Introduction
A confusion matrix is a convenient way to present the types of mistakes a machine learning mode makes. It is an N by N grid with numbers, where the value in the [n, m] cell represents the number of examples annotated with the n-th class recognized as the m-th class. In this tutorial, I will focus on creating a confusion matrix and a Heatmap. The color palette will be used to display the sizes of different groups, making it easy to notice similarities or significant differences in group sizes. This kind of visualization is handy when you deal with numerous categories.
Here is a visual explanation of the elements of the confusion matrix.

Please remember that the data used to demonstrate confusion matrices is artificial and does not represent any real classification model.
Now, I will explain step by step how to generate such a confusion matrix using Python modules.
Python bare minimum
To create a confusion matrix with a heatmap, you need three modules:
pip install scikit-learn, seaborn, pandas
Assuming you have two lists of predictions and true labels, you need to do the following:
- Calculate the confusion matrix –
confusion_matrix
- Convert the variable into a data frame –
pd.DataFrame
- Create the heatmap Plot –
sn.heatmap
- And finally, save the plot to a file –
cfm_plot.figure.savefig
import pandas as pd
from sklearn.metrics import confusion_matrix
import seaborn as sn
if __name__ == '__main__':
predictions = ["None", "Dog", "Cat", ...]
true_labels = ["None", "Dog", "Dog", ...]
cm = confusion_matrix(true_labels, predictions)
df_cfm = pd.DataFrame(cm)
cfm_plot = sn.heatmap(df_cfm)
cfm_plot.figure.savefig("data/confusion_matrix_v1.png")
Here is the output:

The output is not impressive at all.
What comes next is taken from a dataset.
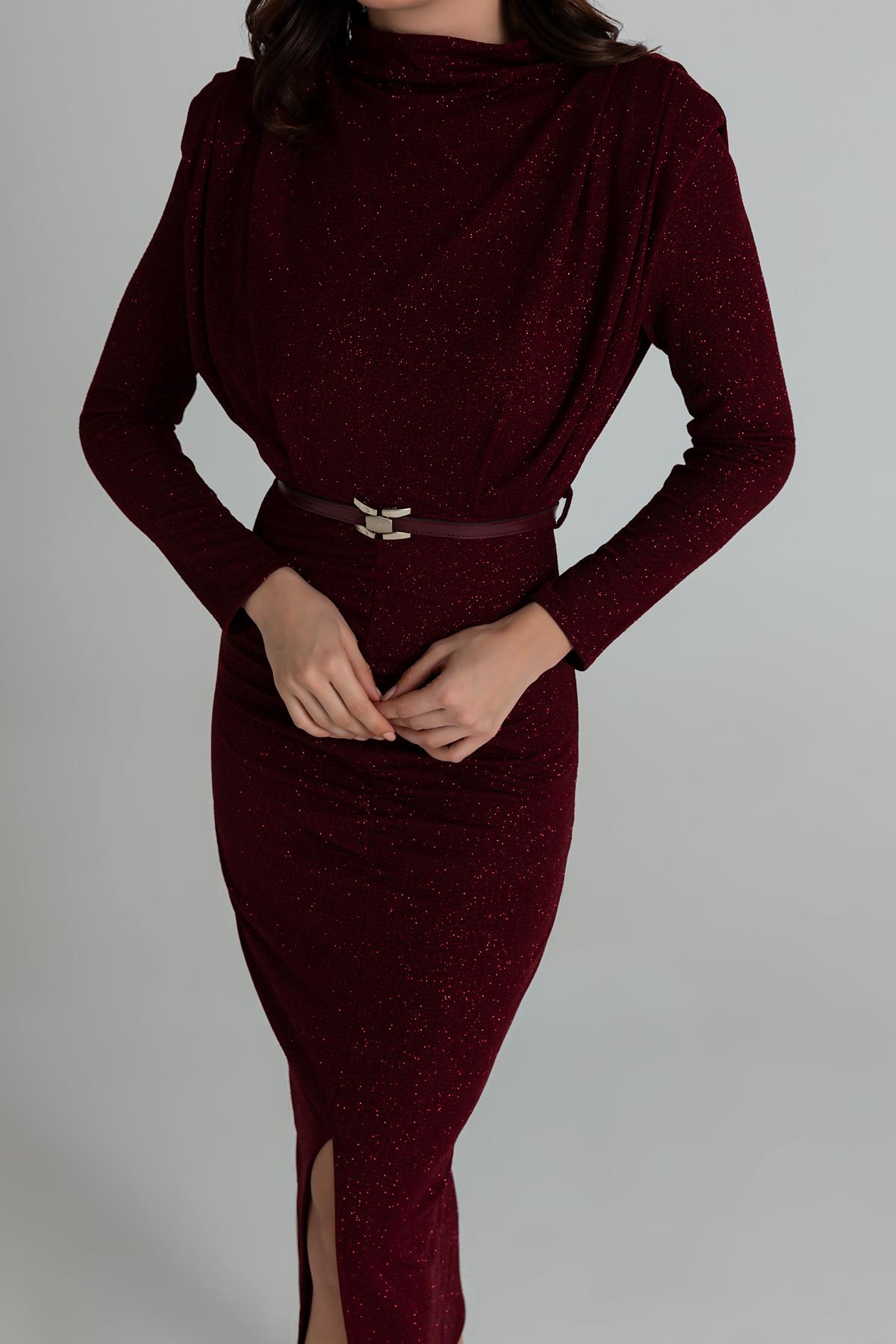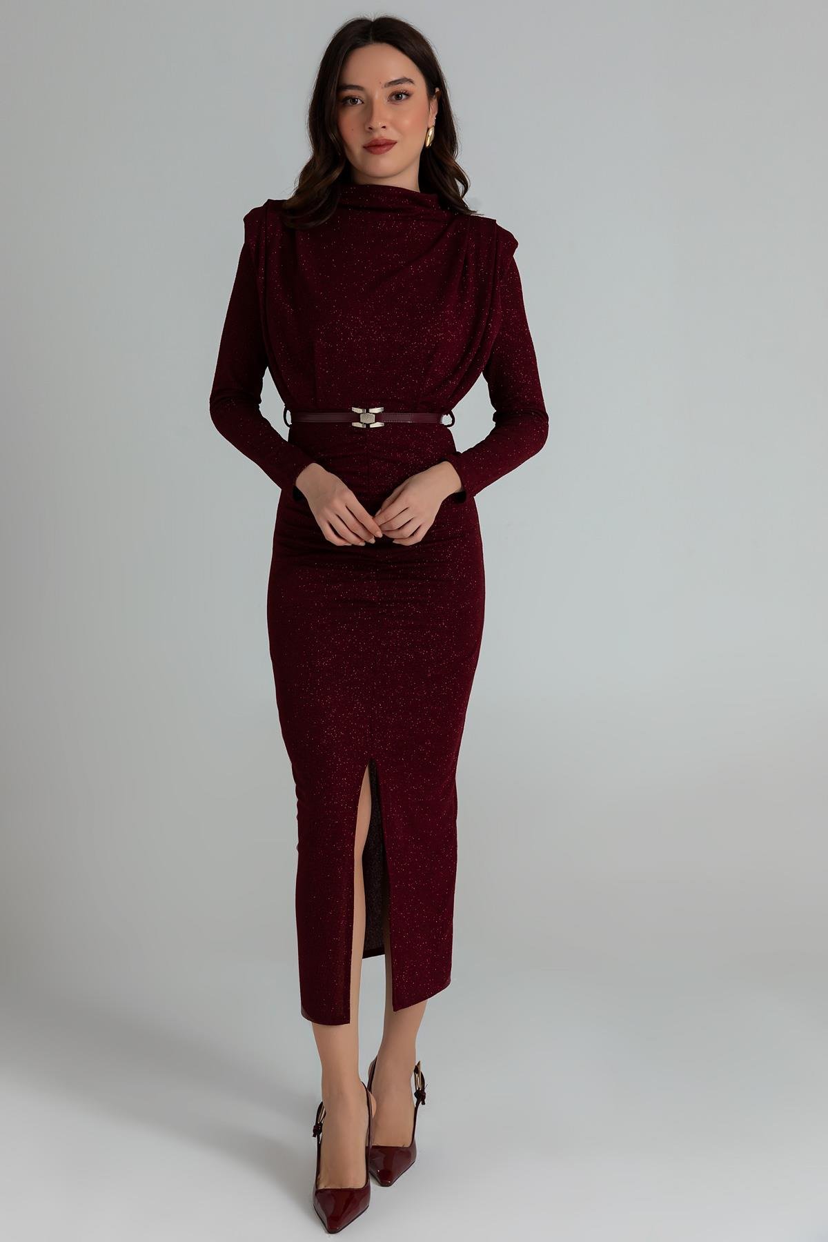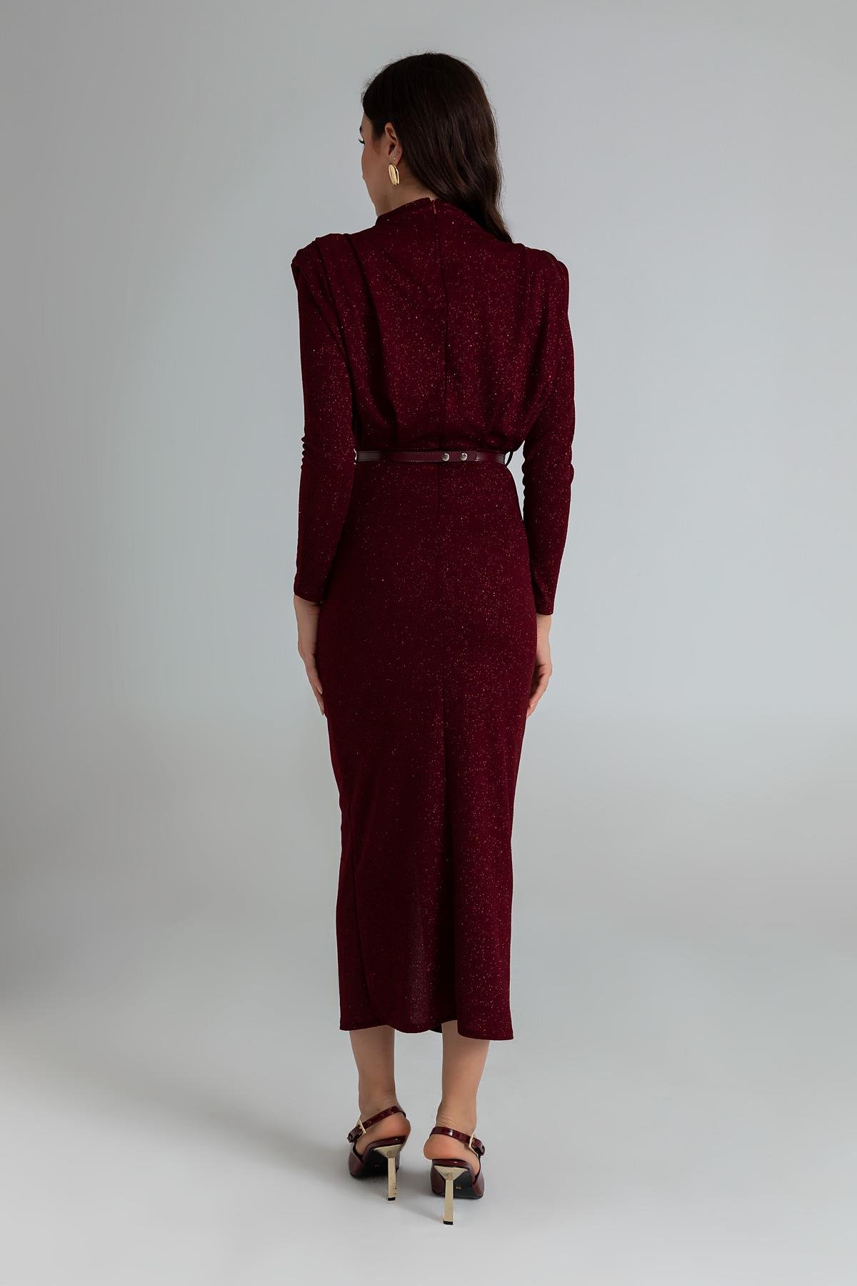Simli Uzun Gece Elbisesi - BORDO (BEW531ELB0020121)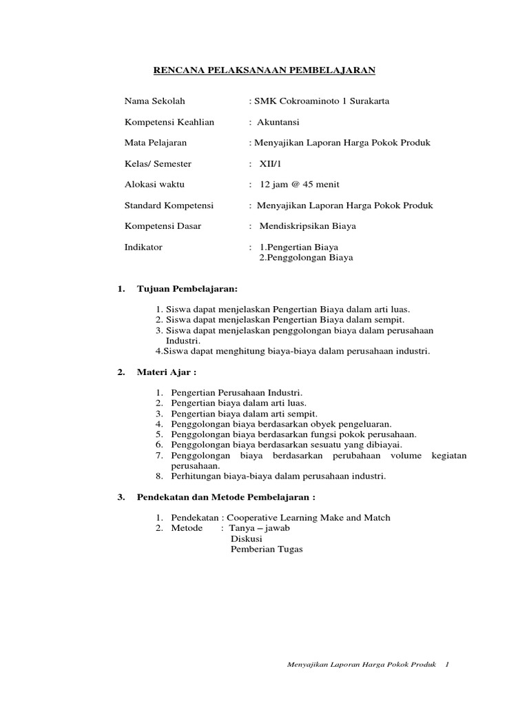 Rpp Menyajikan Laporan Harga Pokok Produk Smt Gasal

By default, much useful information and customization are disabled or not suitable for our data. Let’s improve the plot.
Labels
We need to create a list of all labels to display the labels. We can do this using the information from our predictions and true labels (first line). To improve the readability and keep the same order between runs, we move the majority class (None) as the first element and sort the remaining labels (second line). Without this, the order of labels might be different every time we run the code.
Next, we add the labels=label_names
to the confusion_matrix
method and the index=label_names, columns=label_names
to the constructor of the data frame.
label_names = list(set([] + predictions + true_labels))
label_names = ["None"] + sorted([a for a in label_names if a != "None"])
cm = confusion_matrix(true_labels, predictions, labels=label_names)
df_cfm = pd.DataFrame(cm, index=label_names, columns=label_names)
cfm_plot = sn.heatmap(df_cfm)

We can see one issue with the labels. The labels on the Y axe are partially truncated. To fix this, we can increase the plot canvas using figsize
.
cm = confusion_matrix(true_labels, predictions, labels=label_names)
df_cfm = pd.DataFrame(cm, index=label_names, columns=label_names)
plt.figure(figsize=(10, 7))
cfm_plot = sn.heatmap(df_cfm)

Values
In the next step, we will display a value for each cell. It is a convenient way to observe the exact number of errors for each pair of categories. We will use the annot
parameters for the heatmap
method to display the values. It takes a data frame with the same dimensions as our confusion matrix. Thus, we can pass again the same data frame, that is df_cfm
.
cm = confusion_matrix(true_labels, predictions, labels=label_names)
df_cfm = pd.DataFrame(cm, index=label_names, columns=label_names)
plt.figure(figsize=(10, 7))
cfm_plot = sn.heatmap(df_cfm, annot=df_cfm)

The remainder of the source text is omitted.